The iFolder project, a Novell-sponsored open source initiative that simplifies synchronizing files across multiple systems and enables users to securely access and share files with other users, today announced its first open source release since 2007. Available immediately, users and developers can download iFolder 3.7.2 client and server packages and source code. The latest release adds several features, including support for new platforms, additional security options, improved handling of file conflicts, and capabilities for merging files. In addition to an updated project Website, Novell has put in place a community development plan to ensure that iFolder becomes and remains a vital open source project.


The Indian press rewrote the press release and called iFolder a "major OS" (this is journalism?). Compare to the above:

The iFolder project, a Novell-sponsored open source initiative that simplifies synchronizing files across multiple systems and enables users to securely access and share files with other users, today announced its first open source release since 2007.
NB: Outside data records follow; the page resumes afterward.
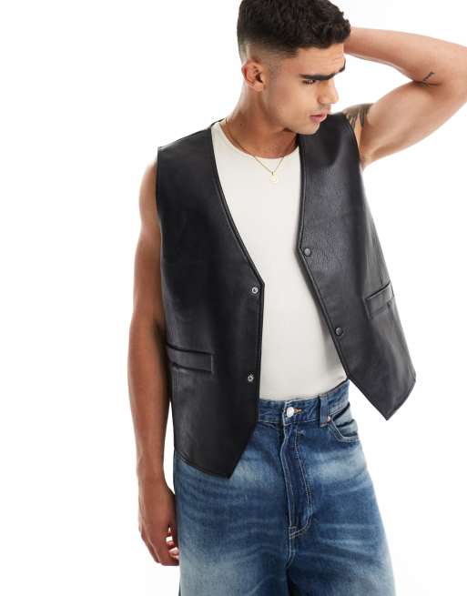 ASOS DESIGN – Czarny bezrękawnik z imitacji skóry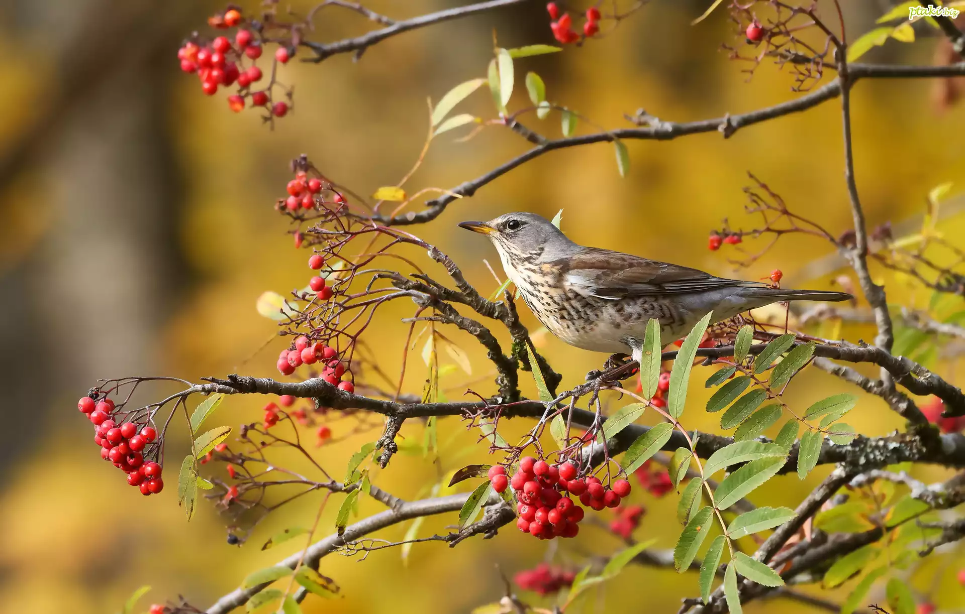 Ptak, Kwiczoł, Gałązki, Jarzębina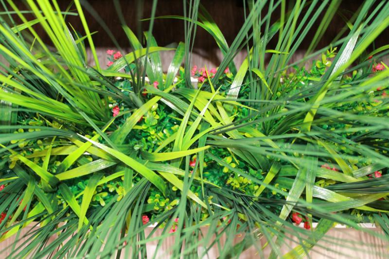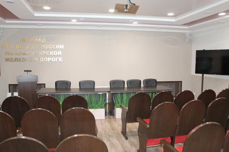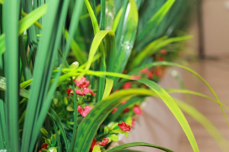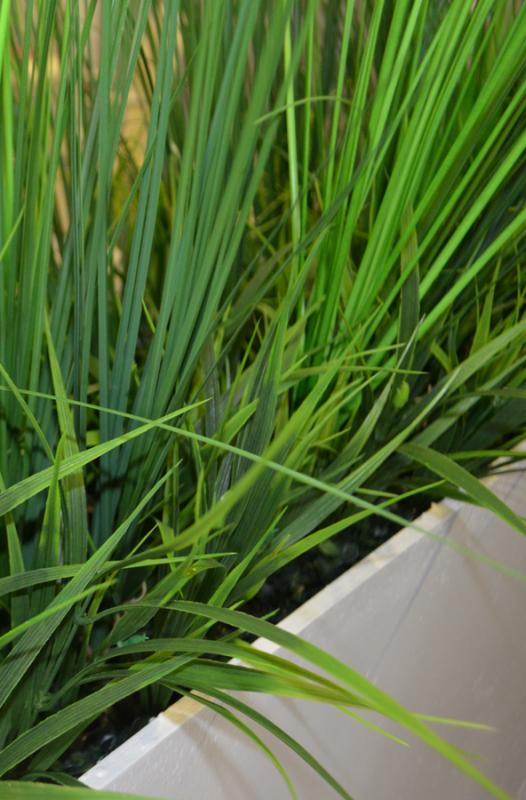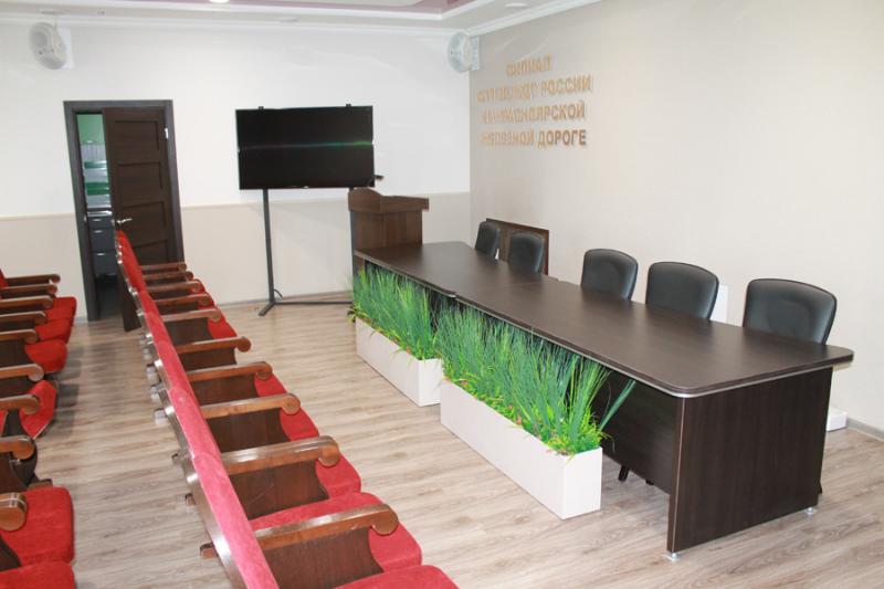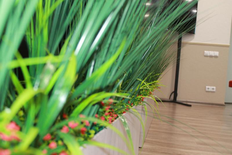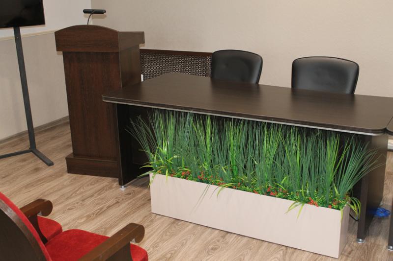 Фитодизайн офиса строгий и лаконичный. Безусловно, он отличатся от озеленения квартиры или дома. Здесь несколько иной подход и чаще всего рекомендуется использование искусственных декоративных растений. Озеленение должно создавать ощущение уюта и комфорта, но в тоже время не должно отвлекать сотрудников от их деятельности. Для филиала ФГП ВО ЖДТ России на Красноярской железной дороге мы изготовили короба с зеленой травой (130х40х20см). Контейнеры были покрашены в цвет стен конференц-зала (капучино), а в поддержку красной оббивки кресел мы добавили в траву немного красных цветов гипсофилы.
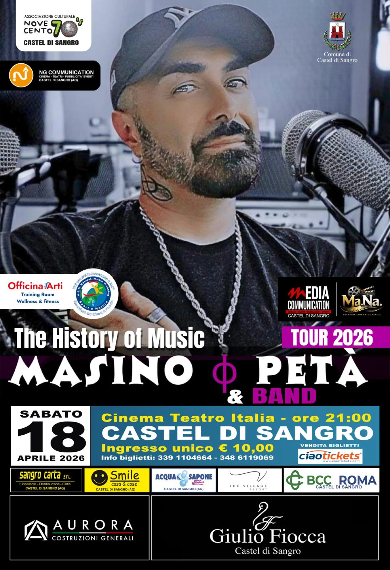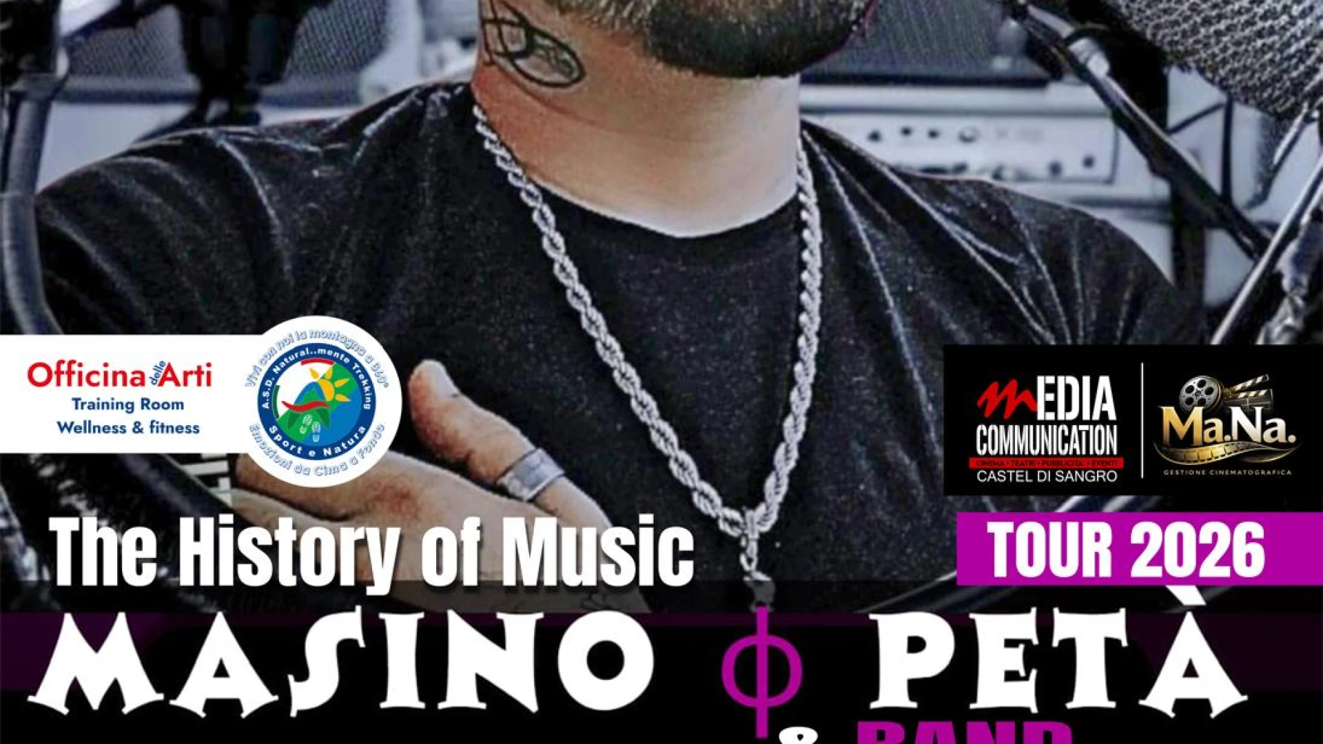 CASTEL DI SANGRO. Sale l'attesa per il concerto di MASINO PETA' & BAND THE HISTORY OF MUSIC, in programma al Cinema Teatro Italia di Castel di Sangro. Sabato 18 Aprile , la band si esibirà, per tutti gli appassionati della musica, proponendo uno show, di oltre due ore, con i piu' grandi successi della musica italiana ed internazionale dagli anni settanta ad oggi. Sul palco Masino Peta' voce e tastiere, Andrea Carbone batteria, Giuseppe Sabatino chitarra, Peppe Sax sassofonista.Tutti i musicisti vantano prestigiose collaborazioni con Tony Esposito, Enzo Avitabile, Franco Del Prete, Eduardo De Crescenzo, Gigi Finizio, Sal Da Vinci e altri.Presente allo spettacolo anche il corpo di ballo della scuola di danza A.S.D. Naturalmente Trekking diretto dalla Maestra Katiana Pacella. Presenta la serata Cristina Antenucci.

Zonker wrote about it too and so did his colleague at OStatic, Kristin Shoemaker.

Today we announced (officially) that iFolder code has been pushed out and we have a new iFolder Web site.

So, you can grab the source code from SourceForge immediately. We’re working on packages for openSUSE 11.0 and 11.1, and there’s work being done to put iFolder into the openSUSE Build Service as well.


Justin Ryan made it a side story at Linux Journal.

Long release cycles are by no means unusual in the Open Source world. While some projects — Ubuntu, for example, and GNOME — have release cycles one can set their watch by, other projects take a less tightly scheduled approach — Debian's "we'll release when it's ready to release" philosophy comes to mind. Such would seem to be the case with the iFolder project, which released Version 3.7.2 on Friday — their first since 2007.


Xandros



Not so much to see here this week, but Xandros was crowing about its business using a press release.

Xandros, the leading provider of intuitive Linux solutions and mixed-environment management tools, is scheduled to present at the Cambria Capital Investor Meeting in Salt Lake City on April 9, 2009 at 3:45 pm MT. Andreas Typaldos, Xandros CEO, will update investors on current business developments and goals for 2009.


Some people are still deploying software from Xandros.

Sentegrity (www.sentegrity.com.br), today announced that, CCT Global Communications of the British Virgin Islands, has implemented Xandros' Scalix as their standard email and collaboration platform.


The founder of Xandros made some press also.

Carlstadt Mayor Will Roseman is the founder of the computer company Xandros, Inc., which has offices around the world. Typically, he will go to borough hall before or after he goes to work in New York. His job has enough flexibility to allow him to leave at 2 p.m. or come in at 11 a.m. Roseman pointed out another important function of mayors: marriages. He marries at least 100 couples per year.